Introduction: Why This Matters
Every year, millions of children visit orthodontists to straighten their teeth. But here’s something most people don’t know: the timing of orthodontic treatment is crucial. Start too early or too late, and the results can be suboptimal. Orthodontists need to know a patient’s skeletal maturity stage (bone age) to plan the perfect treatment timing.
Traditionally, determining bone age requires taking an additional X-ray of the patient’s hand and wrist—more radiation exposure, more cost, and more inconvenience. But what if we could estimate bone age from X-ray images that orthodontists already take?
That’s exactly what we built.
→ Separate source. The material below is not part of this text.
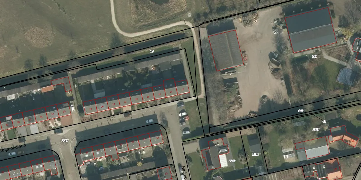 Strijmondlaan 12 is gelegen op kadastraal perceel ODB02A1647. Deze kadastrale aanduiding is uniek en wordt gebruikt door het Kadaster om eigendomsrechten en andere zakelijke rechten vast te leggen. Het perceel maakt onderdeel uit van de kadastrale gemeente Oudenbosch.

This blog post walks through the machine learning strategy and computer vision techniques we used to create an automated system that detects tiny anatomical landmarks on neck vertebrae visible in dental X-rays, then analyzes their geometry to determine skeletal maturity—all without requiring any additional imaging.
The Technical Challenge: Automatically locate 13 precise landmarks on cervical vertebrae (C2, C3, C4) from lateral cephalogram X-ray images, despite limited training data, varying image quality, and the need for millimeter-level accuracy.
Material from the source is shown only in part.